* Data shown
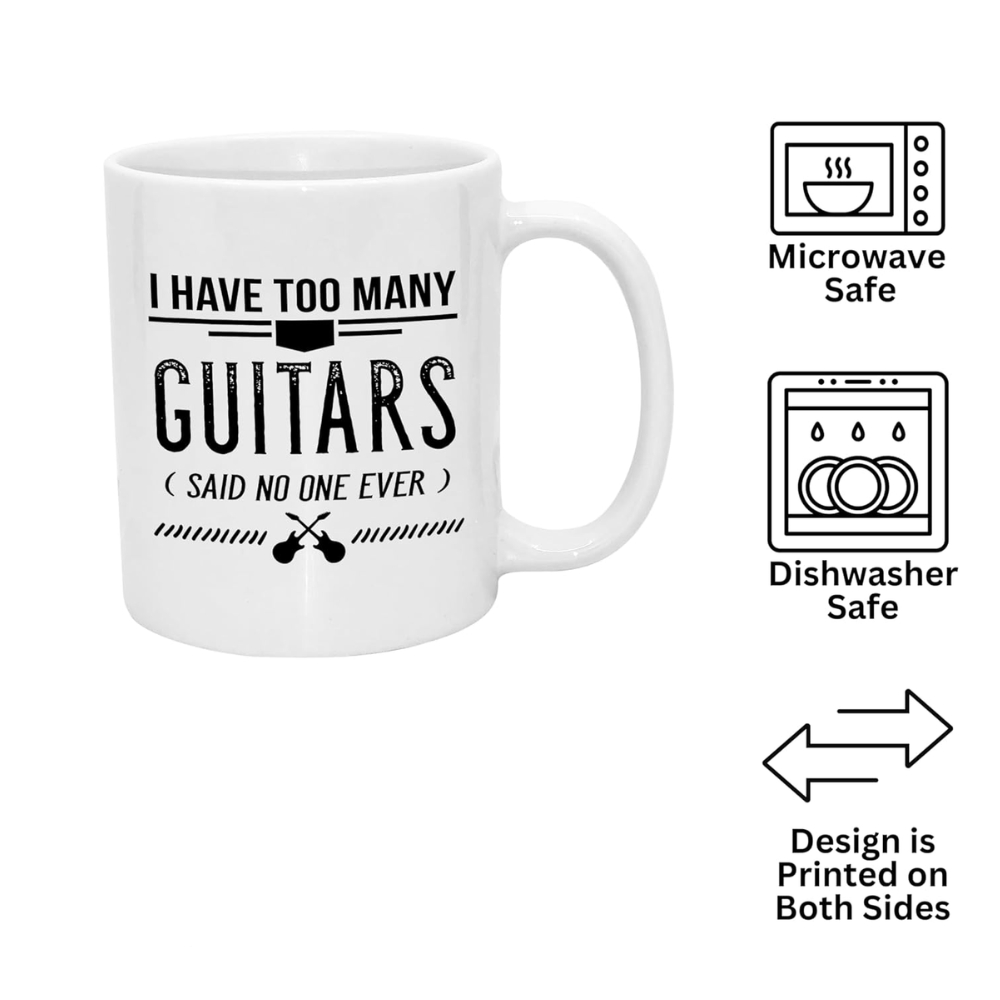 Music often becomes more than a hobby. It becomes part of daily routine and personal identity. The I Have Too Many Guitars Said No One Ever Text Printed Mugicians Coffee Mug reflects that mindset with a statement that speaks directly to dedicated players and collectors. Featuring the phrase “I Have Too Many Guitars Said No One Ever,” this mug delivers humor that resonates with musicians who appreciate their growing collection.
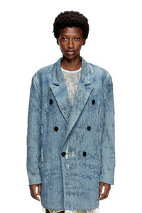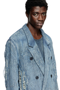 Product Description An alternative fusion of soft tailoring and contemporary craftsmanship, this men’s blazer features a relaxed double-breasted silhouette. Crafted using a percentage of organic cotton, this ultra-distressed wash is the perfect example of finding beauty in what is destroyed – a key theme of the Spring Summer 2025 Runway Show. The jacquard fabric is woven on a double loom, creating a particular warp and weft construction that reverses the look of traditional denim: long indigo threads stand out on the front, while the white threads remain on the inside. This unexpected contrast adds depth and dynamism to the style. ID: A19364068RQ Size & Fit Model is wearing a size L and is 188 cm / 6'2". Model is wearing a size S and is 177 cm / 5'9". Check the size chart to choose the correct size. Materials & Details Composition: 89%Cotton 10%Polyester 1%Elastane-Spandex Spring Summer 2025 Runway Show Double-breasted button closure Six buttons, two functional Lined
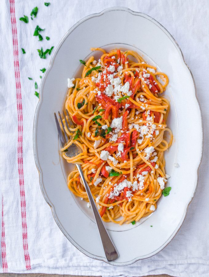 Quick Pasta Recipe with Capsicum and feta crumbles
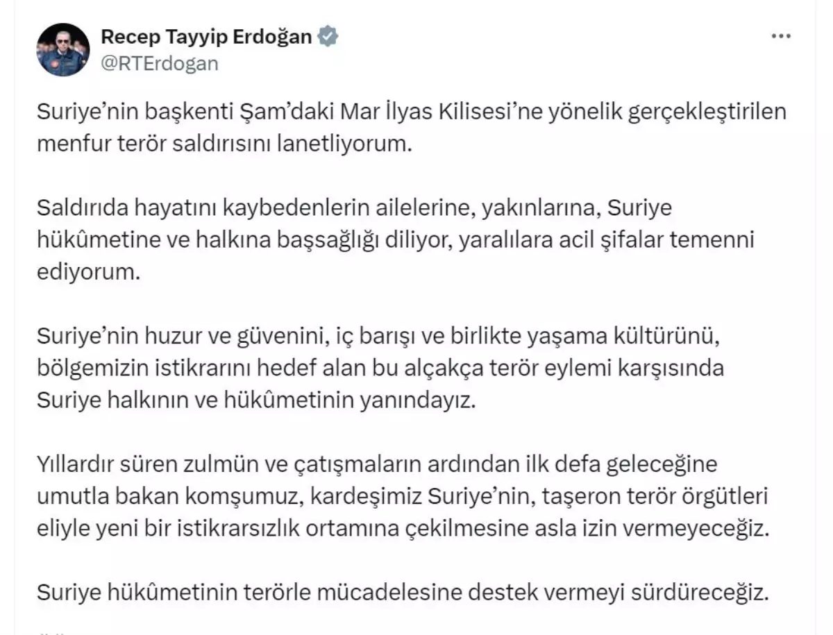 CUMHURBAŞKANI Recep Tayyip Erdoğan, Suriye'deki kiliseye yönelik terör saldırısıyla ilgili, "Suriye'nin huzur ve güvenini, iç barışı ve birlikte yaşama kültürünü, bölgemizin istikrarını hedef alan bu alçakça terör eylemi karşısında Suriye halkının ve hükümetinin yanındayız.
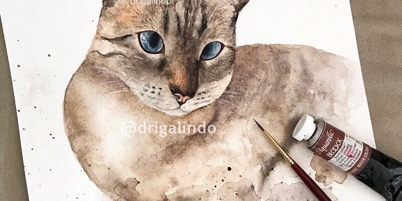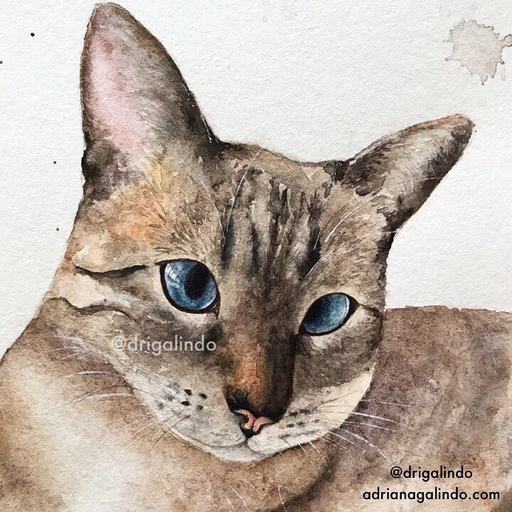 Um gatinho feito na correria para não furar o desafio #worldwatercolormonth n.5 🎨 #adrianagalindo #drigalindo #aquarela #watercolor #cat #gato #gatosiames
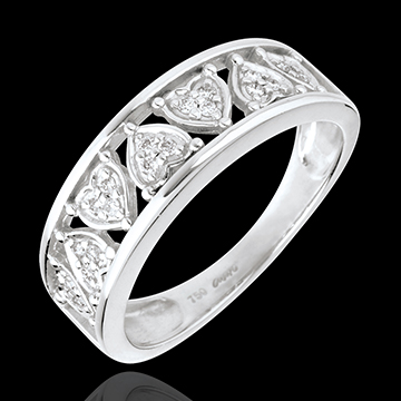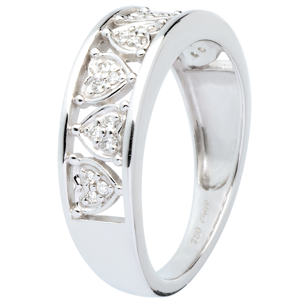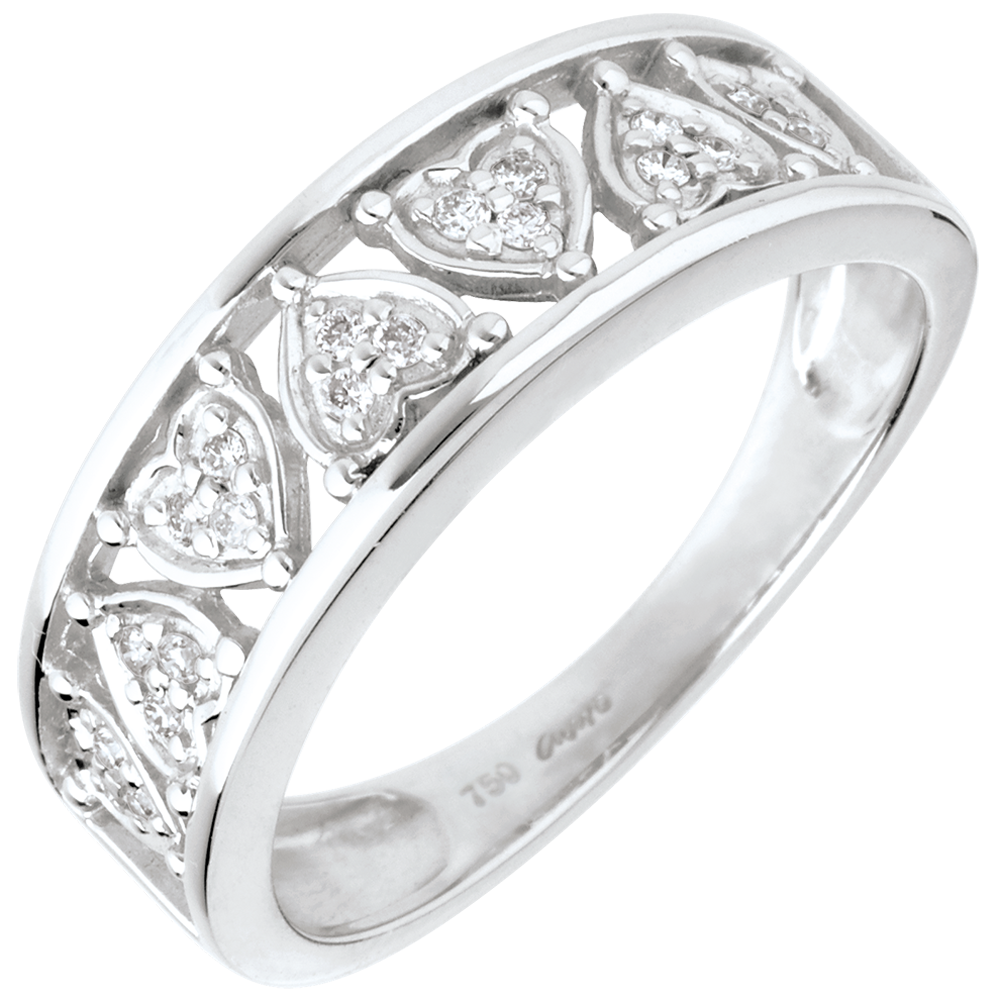 Funkelnde Diamantherzen in einer weißgoldenen Fassung, welche die Weiblichkeit dieses Ringes perfekt zur Geltung bringen. 21 Diamanten : 0.1 Karat - Weißgold (750/-): 3.7 g. Weitere Abmessungen

* Task prompt
Reproduce the full listing verbatim so that only the pictures are missing.

* Your solution
 Music often becomes more than a hobby. It becomes part of daily routine and personal identity. The I Have Too Many Guitars Said No One Ever Text Printed Mugicians Coffee Mug reflects that mindset with a statement that speaks directly to dedicated players and collectors. Featuring the phrase “I Have Too Many Guitars Said No One Ever,” this mug delivers humor that resonates with musicians who appreciate their growing collection.
 Product Description An alternative fusion of soft tailoring and contemporary craftsmanship, this men’s blazer features a relaxed double-breasted silhouette. Crafted using a percentage of organic cotton, this ultra-distressed wash is the perfect example of finding beauty in what is destroyed – a key theme of the Spring Summer 2025 Runway Show. The jacquard fabric is woven on a double loom, creating a particular warp and weft construction that reverses the look of traditional denim: long indigo threads stand out on the front, while the white threads remain on the inside. This unexpected contrast adds depth and dynamism to the style. ID: A19364068RQ Size & Fit Model is wearing a size L and is 188 cm / 6'2". Model is wearing a size S and is 177 cm / 5'9". Check the size chart to choose the correct size. Materials & Details Composition: 89%Cotton 10%Polyester 1%Elastane-Spandex Spring Summer 2025 Runway Show Double-breasted button closure Six buttons, two functional Lined
 Quick Pasta Recipe with Capsicum and feta crumbles
 CUMHURBAŞKANI Recep Tayyip Erdoğan, Suriye'deki kiliseye yönelik terör saldırısıyla ilgili, "Suriye'nin huzur ve güvenini, iç barışı ve birlikte yaşama kültürünü, bölgemizin istikrarını hedef alan bu alçakça terör eylemi karşısında Suriye halkının ve hükümetinin yanındayız.
 Um gatinho feito na correria para não furar o desafio #worldwatercolormonth n.5 🎨 #adrianagalindo #drigalindo #aquarela #watercolor #cat #gato #gatosiames
 Funkelnde Diamantherzen in einer weißgoldenen Fassung, welche die Weiblichkeit dieses Ringes perfekt zur Geltung bringen. 21 Diamanten : 0.1 Karat - Weißgold (750/-): 3.7 g. Weitere Abmessungen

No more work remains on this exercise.